Segment Start: Raw data
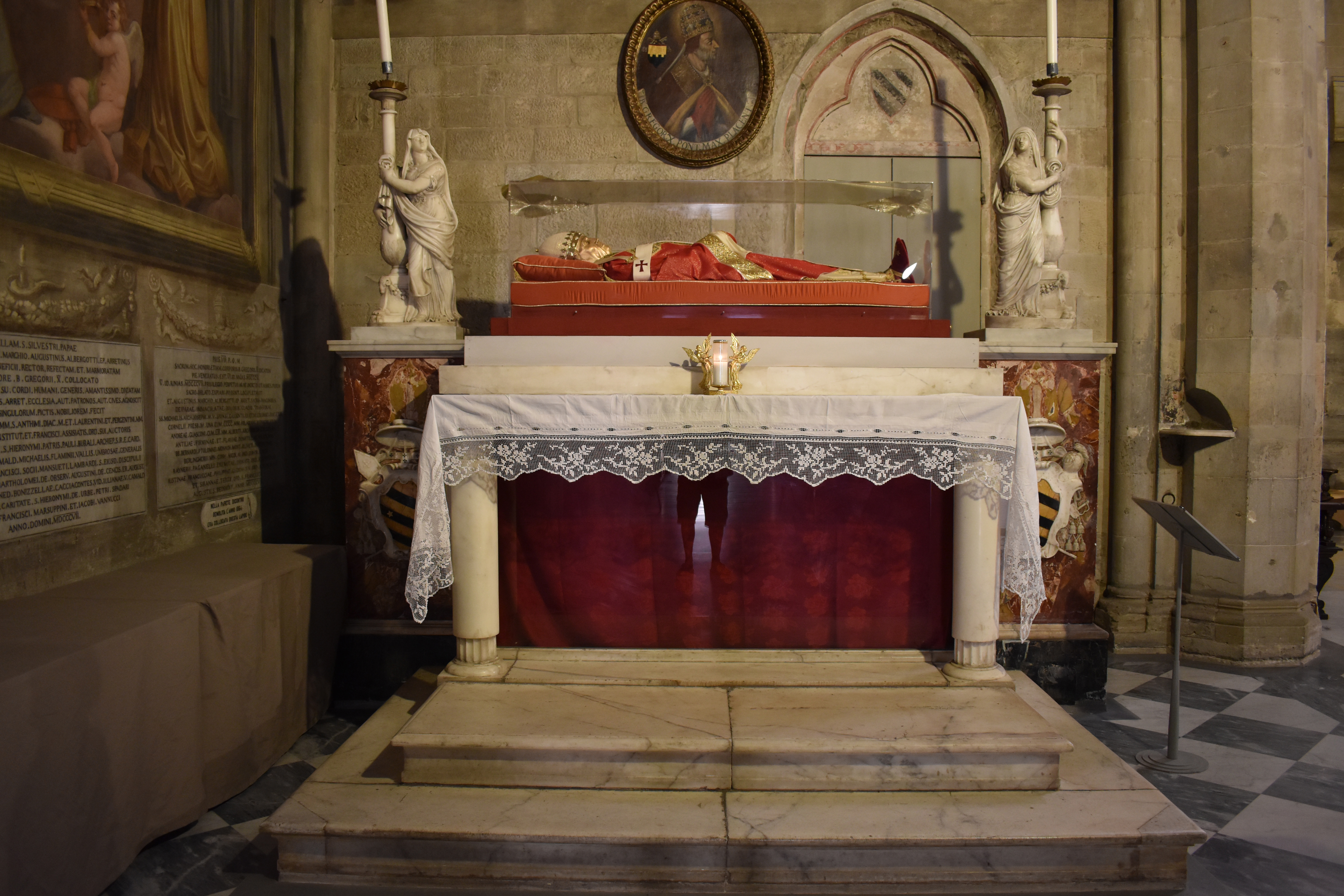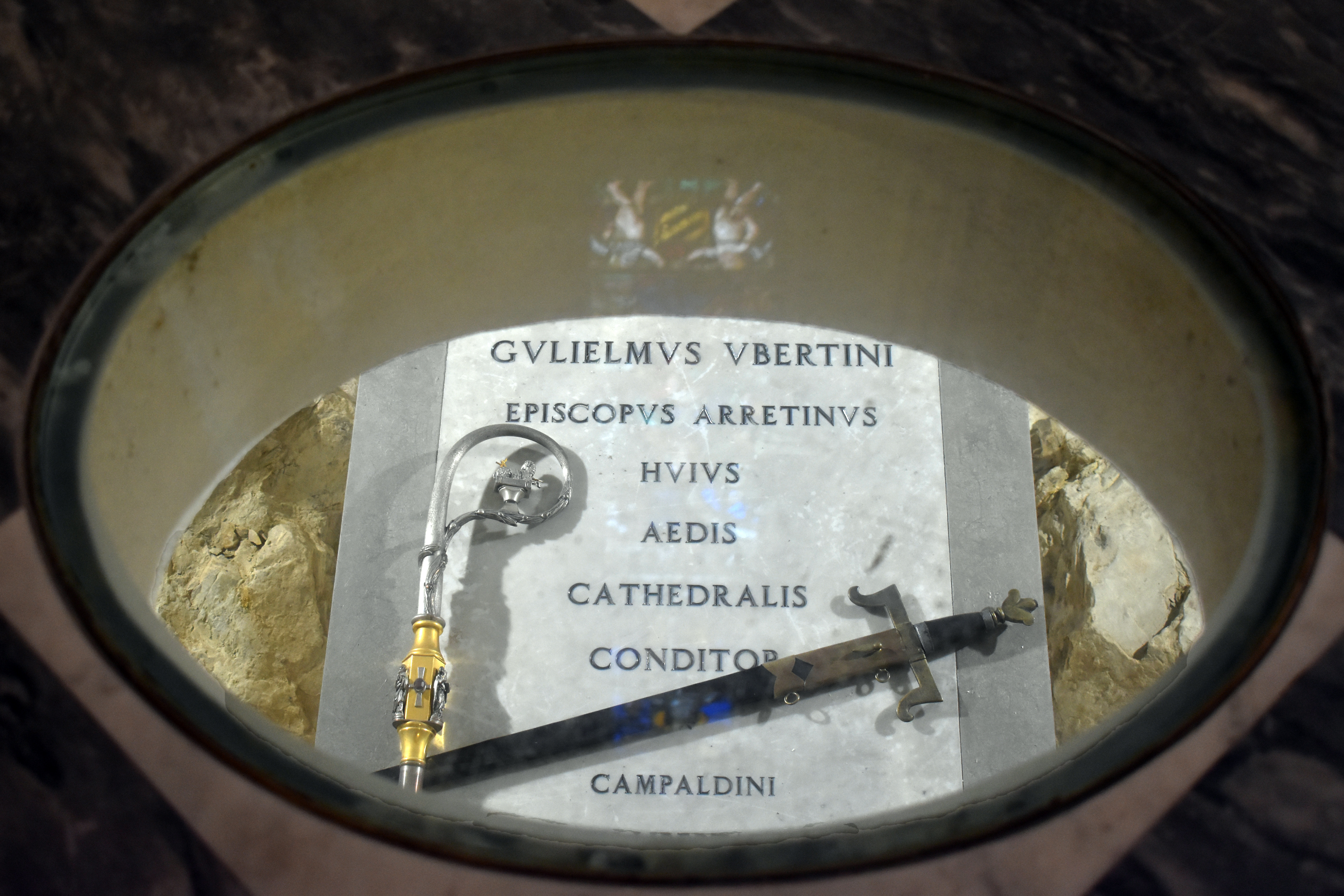 В конце левого нефа собора находится "современная" гробница, характеризующаяся большим круглым окном в полу. С 2008 года здесь хранились останки епископа Ареццо Гульельмо дельи Убертини, возможно, более известного как Гульельмино. Его тело и тело его племянника были похоронены в небольшой церкви Чертомондо, в двух шагах от холма Поппи и рядом с полем битвы, построенной примерно тридцатью годами ранее графами Гуиди в честь Франциска Ассизского, канонизированного в 1228 году. Мощи Гульельмино остались здесь более семи веков. 11 июня (дата выбрана не случайно) 2008 года они вернулись в "свой" собор в сопровождении большой и торжественной религиозной церемонии.
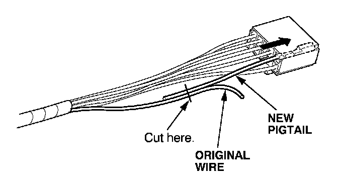 6. Lay the pigtail and the original wire side-by-side, and cut off both ends at once. If you are making more than one splice, do not cut each pigtail at the same location; the resulting "lump" of splice connectors would interfere with rewrapping the harness. Instead, cut the first pigtail close enough to the terminal so you will have room to make each remaining cut about 20 mm (3/4 inch) farther down on the next pigtail.
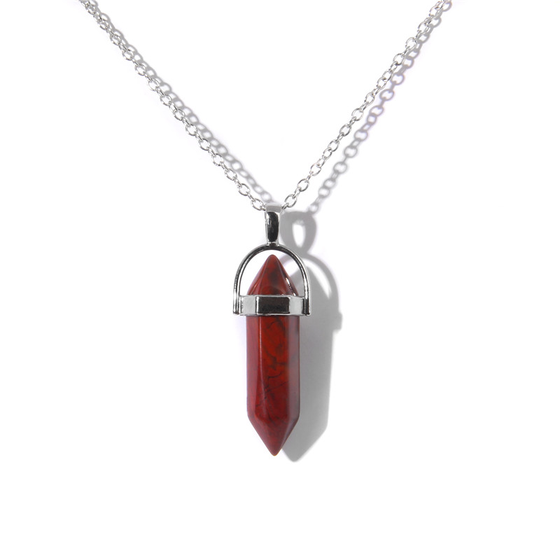 Natural Quartzs Stone Charm Necklaces For Women Men Winding Hexagonal Column Reiki Pendulum Pendant Necklace Chain Jewelry Gift Red Stone-45cm
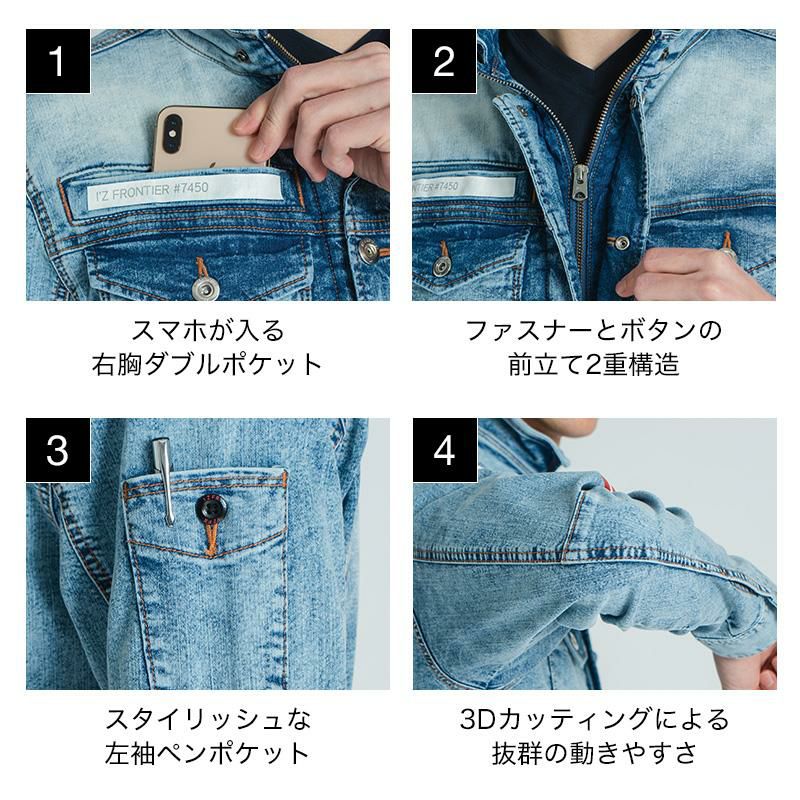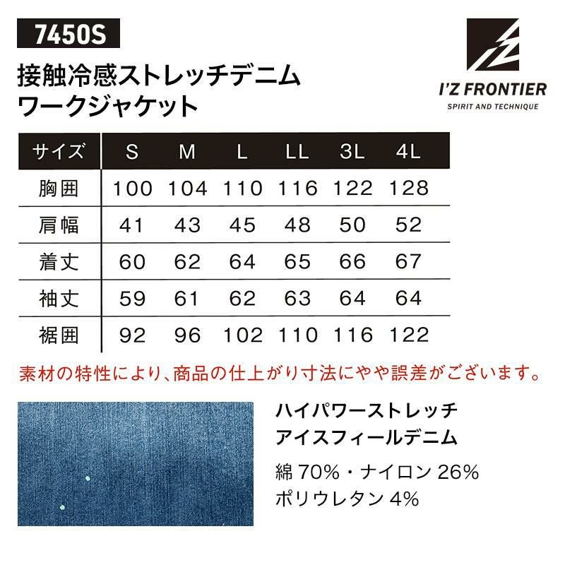 接触冷感ストレッチデニムワークジャケット[アイズフロンティア/7450S] S-4L
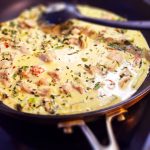 Fräs kycklingen i smör på hög värme, så den får en fin gyllene färg. Tillsätt salladslök, chili, ramslök och zucchini och fräs i ca 2 minuter.
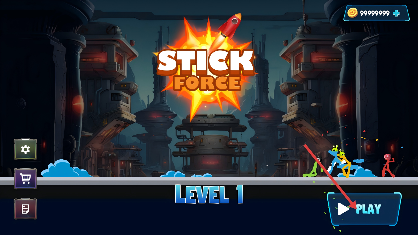 1、进入游戏后,看到【STICK-FORCE】标题与【LEVEL-1】,点击右下角【PLAY】按钮即可开始第一关。
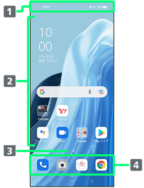 | アプリのショートカットやフォルダ、ウィジェットを自由に配置できます。 | ||
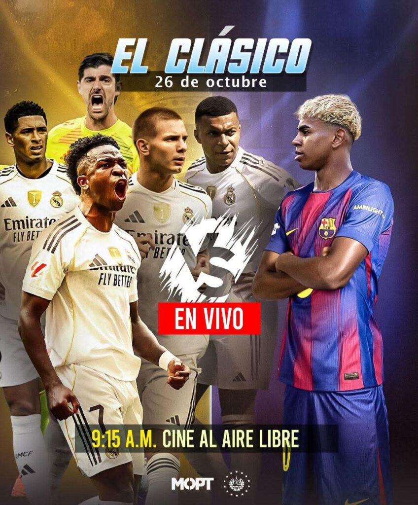 El Ministerio de Obras Públicas (MOP) anunció que este fin de semana los salvadoreños podrán disfrutar del clásico del fútbol español entre Real Madrid y FC Barcelona en el cine al aire libre sobre el bulevar Monseñor Romero y en el Parque de Nuevo Cuscatlán, una iniciativa que busca promover espacios seguros y de sana convivencia familiar.
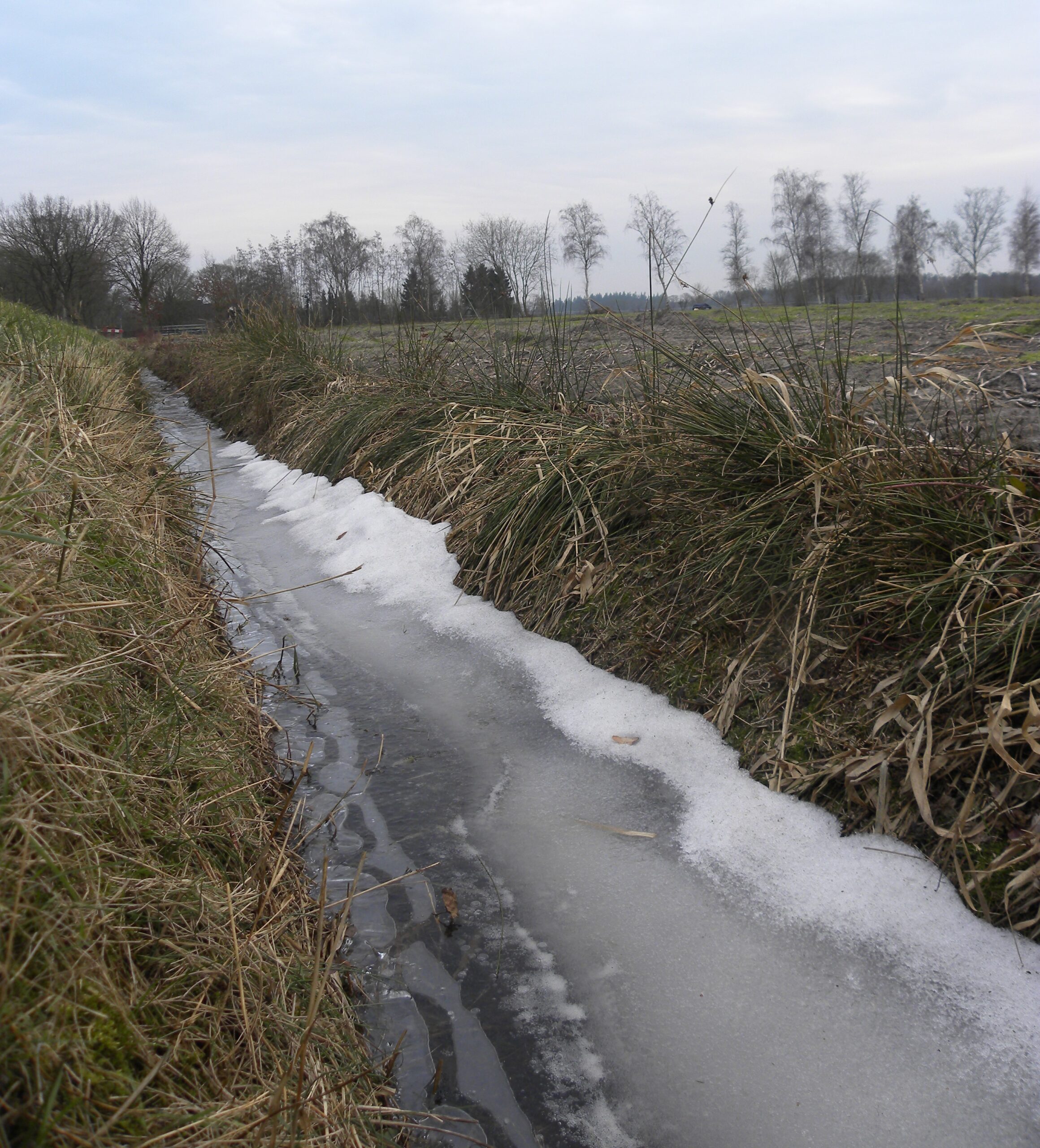 Sloot met oude sneeuw; op de achtergrond de Grensweg
Segment End: Raw data
Problem statement - Pictures do not belong in the copy. Output all of the records exactly.

Output for this exercise -
 В конце левого нефа собора находится "современная" гробница, характеризующаяся большим круглым окном в полу. С 2008 года здесь хранились останки епископа Ареццо Гульельмо дельи Убертини, возможно, более известного как Гульельмино. Его тело и тело его племянника были похоронены в небольшой церкви Чертомондо, в двух шагах от холма Поппи и рядом с полем битвы, построенной примерно тридцатью годами ранее графами Гуиди в честь Франциска Ассизского, канонизированного в 1228 году. Мощи Гульельмино остались здесь более семи веков. 11 июня (дата выбрана не случайно) 2008 года они вернулись в "свой" собор в сопровождении большой и торжественной религиозной церемонии.
 6. Lay the pigtail and the original wire side-by-side, and cut off both ends at once. If you are making more than one splice, do not cut each pigtail at the same location; the resulting "lump" of splice connectors would interfere with rewrapping the harness. Instead, cut the first pigtail close enough to the terminal so you will have room to make each remaining cut about 20 mm (3/4 inch) farther down on the next pigtail.
 Natural Quartzs Stone Charm Necklaces For Women Men Winding Hexagonal Column Reiki Pendulum Pendant Necklace Chain Jewelry Gift Red Stone-45cm
 接触冷感ストレッチデニムワークジャケット[アイズフロンティア/7450S] S-4L
 Fräs kycklingen i smör på hög värme, så den får en fin gyllene färg. Tillsätt salladslök, chili, ramslök och zucchini och fräs i ca 2 minuter.
 1、进入游戏后,看到【STICK-FORCE】标题与【LEVEL-1】,点击右下角【PLAY】按钮即可开始第一关。
 | アプリのショートカットやフォルダ、ウィジェットを自由に配置できます。 | ||
 El Ministerio de Obras Públicas (MOP) anunció que este fin de semana los salvadoreños podrán disfrutar del clásico del fútbol español entre Real Madrid y FC Barcelona en el cine al aire libre sobre el bulevar Monseñor Romero y en el Parque de Nuevo Cuscatlán, una iniciativa que busca promover espacios seguros y de sana convivencia familiar.
 Sloot met oude sneeuw; op de achtergrond de Grensweg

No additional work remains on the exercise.